About this task
Repeat exactly the lines that begin at the one containing "福特嘉年華的行李箱內部全部用" and end at the final line of the records; include no pictures and nothing else.

[Items listed in a dataset]
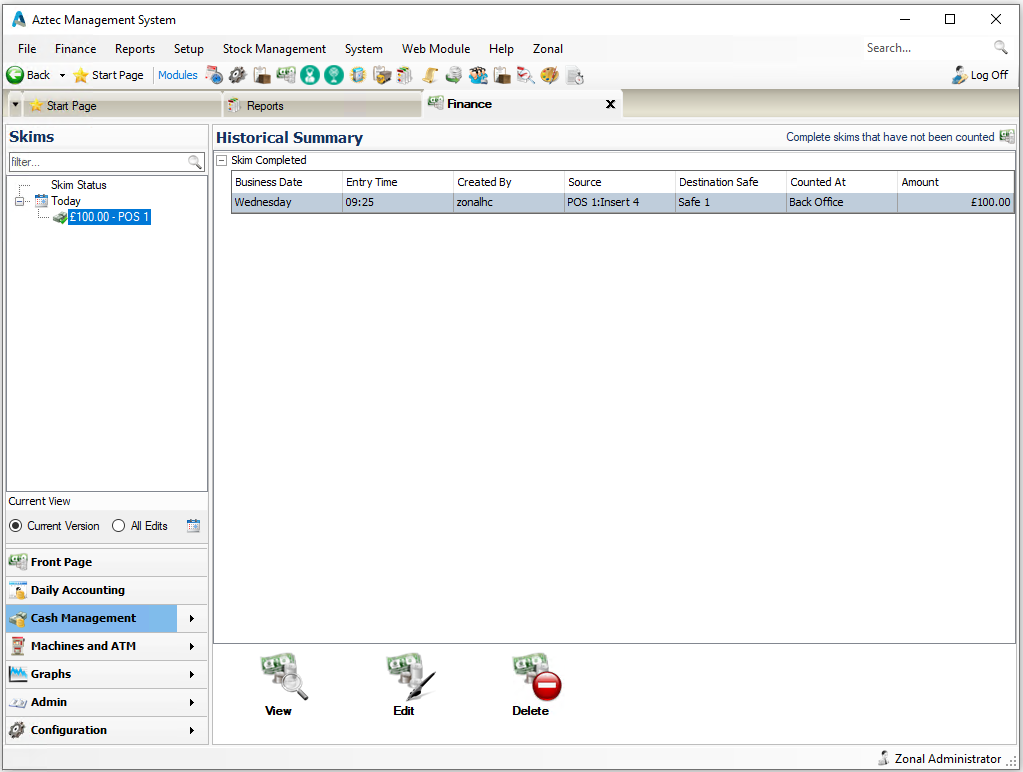 When selecting skims the list of entries are displayed by day and the options available are View | Edit | Delete
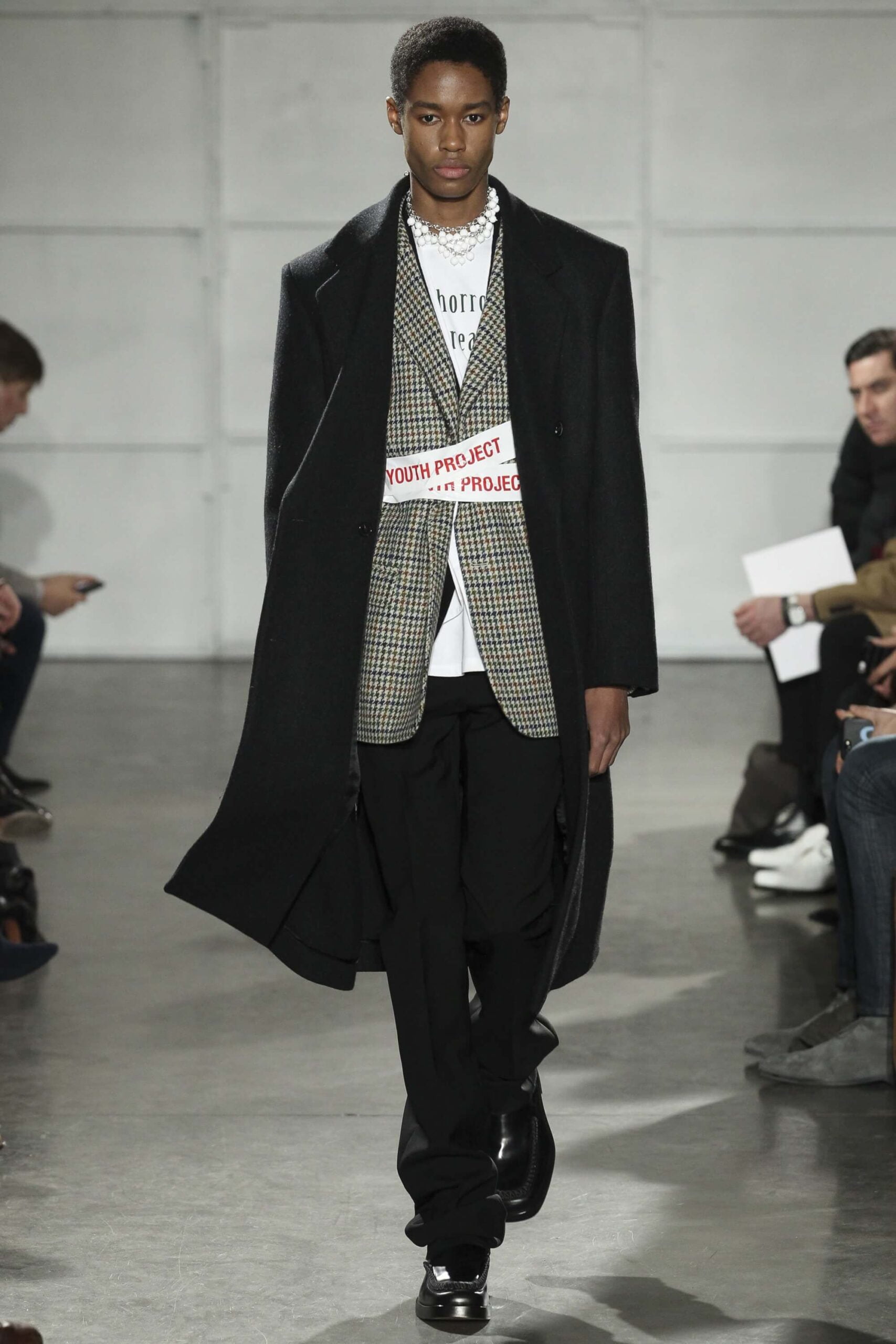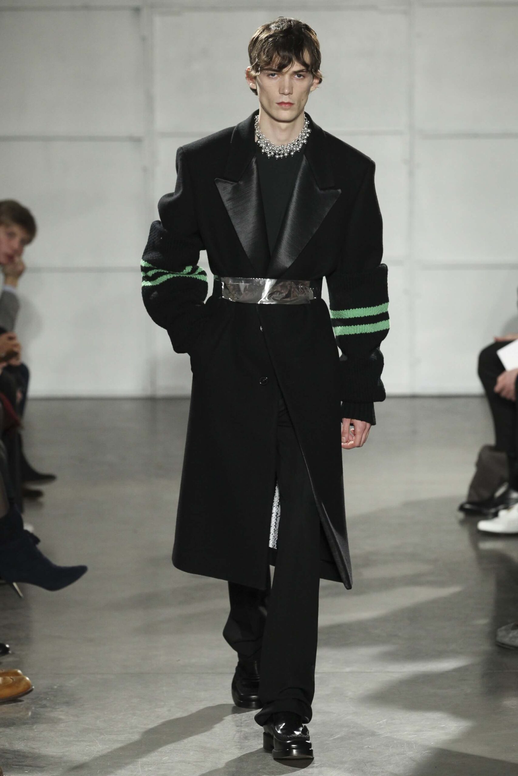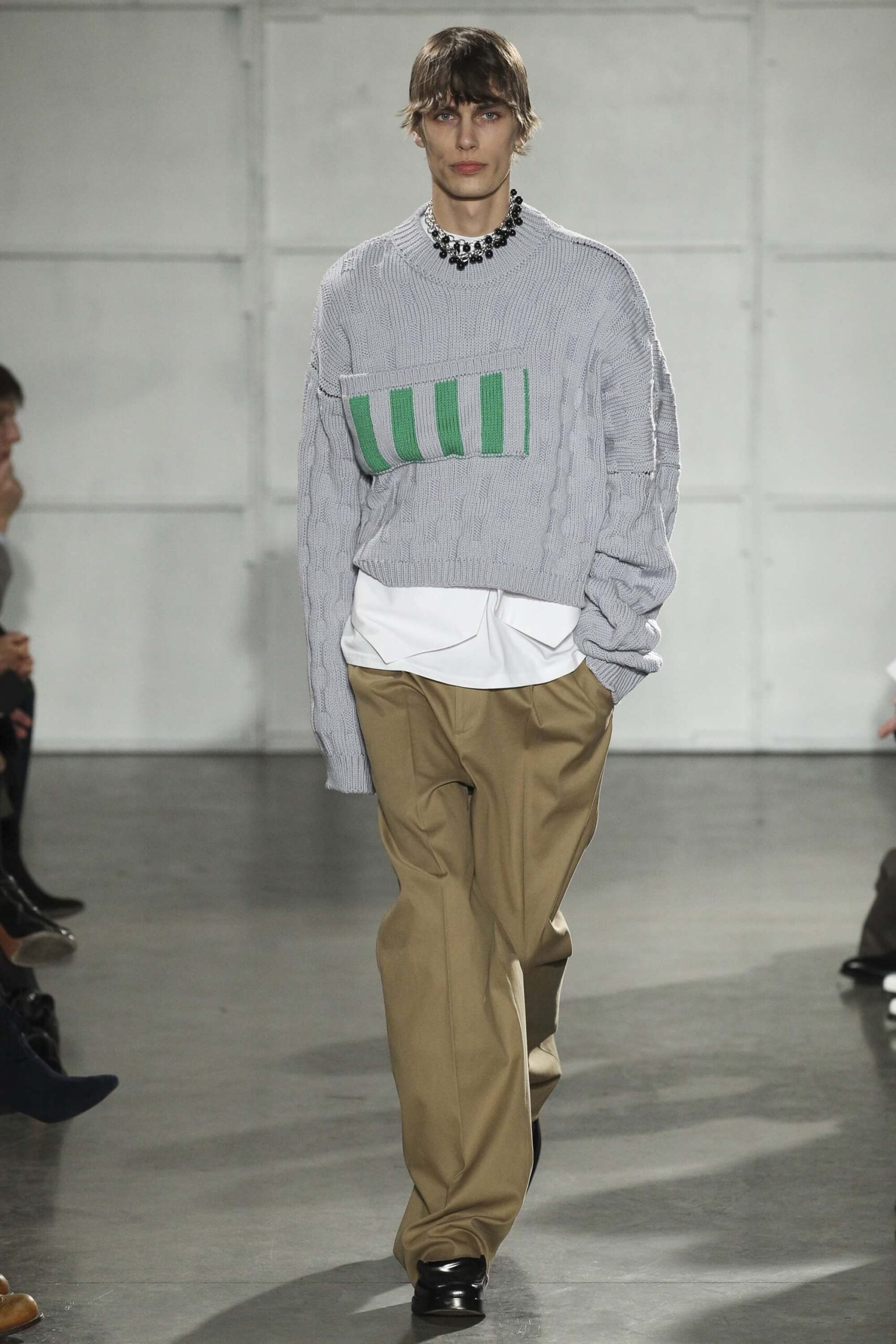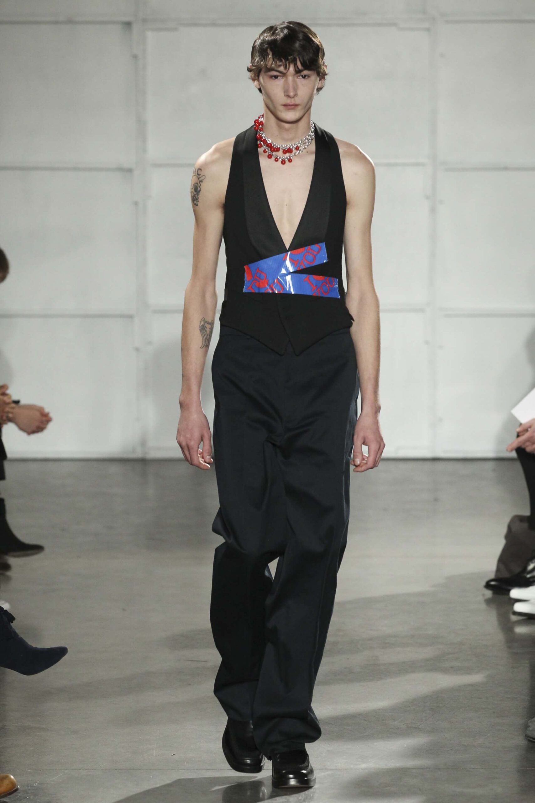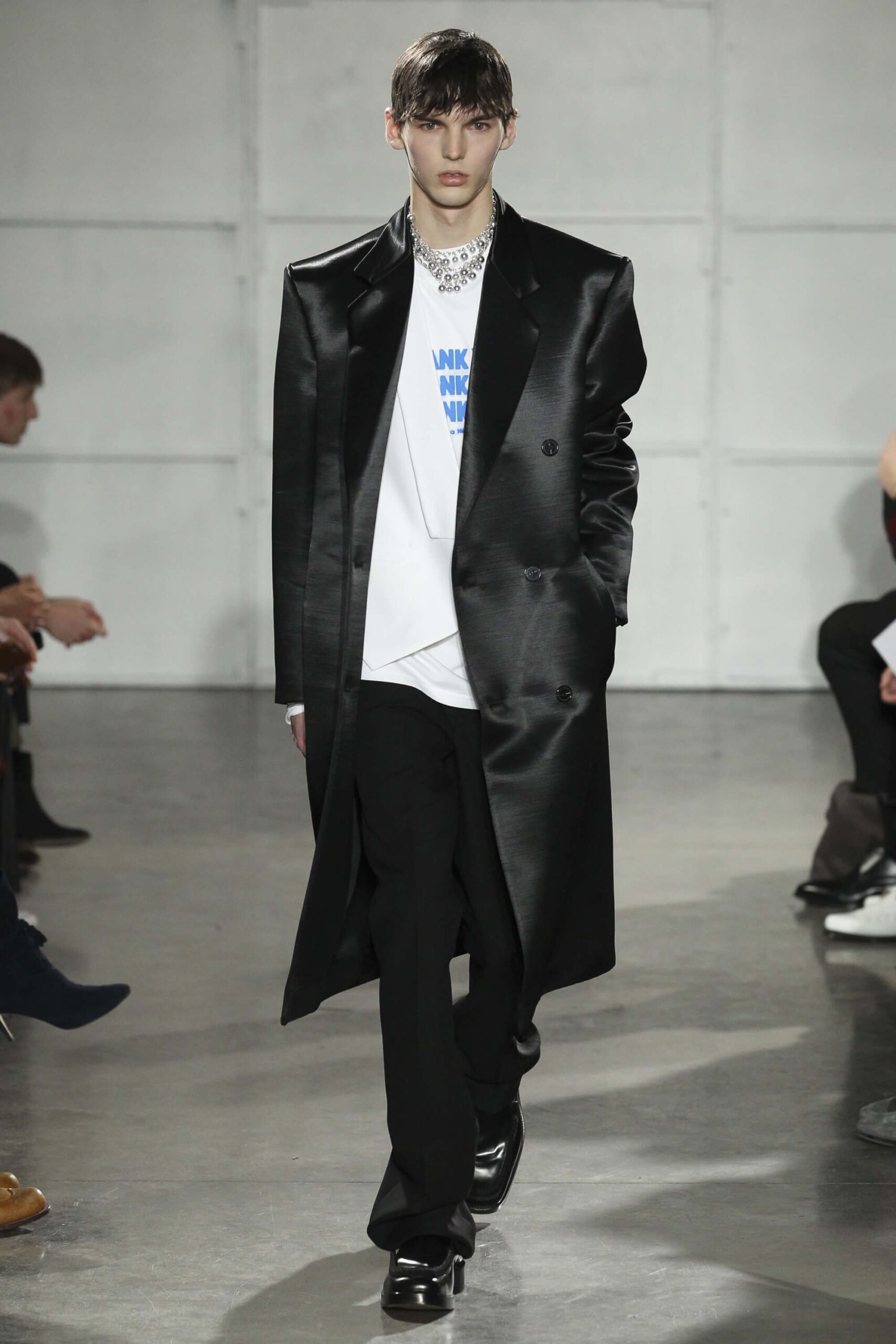 As you probably know, Mr Simons has taken over the Calvin Klein, showing next week. How appropriate, then, that last night he showed his men’s collection in the city of New York. Exploring his new life and new world. The masculine collection was grown up yet not mature. Cropped stretched knits with I HEART NY seemed worn in, adored by its former owners. Maybe from a different time or with a former president. Utilitarian military shirts were oversized, creating a kind of naive army of boys. Mr Simons is never shy to create an architectural silhouette but in New York this college boy of a former season had come of age. He had taken his dads crombie coat and moms Dior beaded necklace and left Paris for good. Coming to America to be a man. And got through that US border before the laws of old ideas changed the world again.
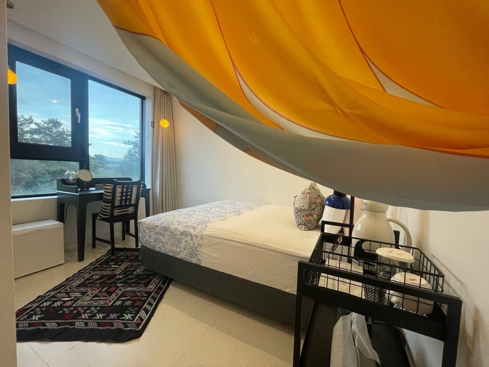 Et ryddig og følsomt overnattingssted med en rolig landlig utsikt. Dobbelrom med utsikt over Osan-garden.
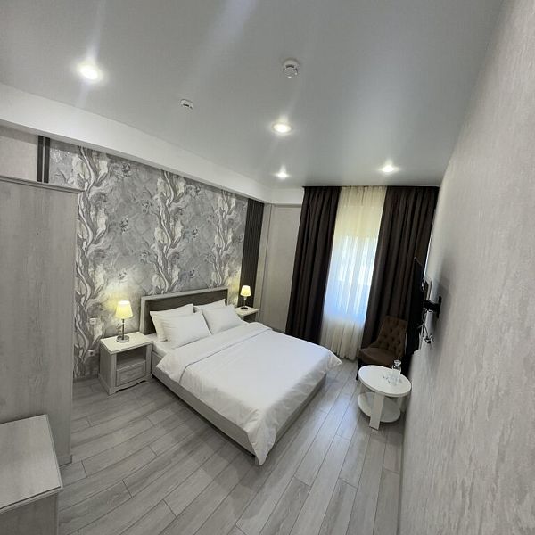 Уютный однокомнатный номер с одной двуспальной кроватью.
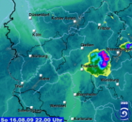 Tagbeginn Hochnebel, Auflösung, Wolkenloser Himmel 21,00MESZ Aufzug von Gewitterwolken, heftige Windböen Stärke 8, Gewitter um 21,15 MESZ, 21,30MESZ ende des Unwetters
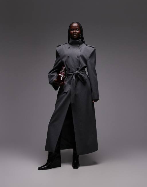 ASOS DESIGN – Grå, figursydd trenchcoat med axelvaddar
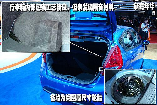 福特嘉年華的行李箱內部全部用符合材料進行了包裹處理,這層材料比較厚實和柔軟能夠對整車的隔音性起到一定幫助,備胎部分為鋼輪圈的全尺寸輪胎。
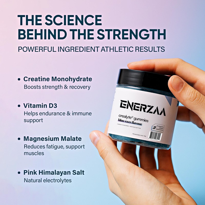 ENERZAA ENERZAA Creatine Complex Gummies ?C 4.5g Active Formula with Electrolytes ?C 2 Gummies per Day, 60 Count for Daily Wellness & Hydration (JAR, Blue Razz)

Response to this task
 福特嘉年華的行李箱內部全部用符合材料進行了包裹處理,這層材料比較厚實和柔軟能夠對整車的隔音性起到一定幫助,備胎部分為鋼輪圈的全尺寸輪胎。
 ENERZAA ENERZAA Creatine Complex Gummies ?C 4.5g Active Formula with Electrolytes ?C 2 Gummies per Day, 60 Count for Daily Wellness & Hydration (JAR, Blue Razz)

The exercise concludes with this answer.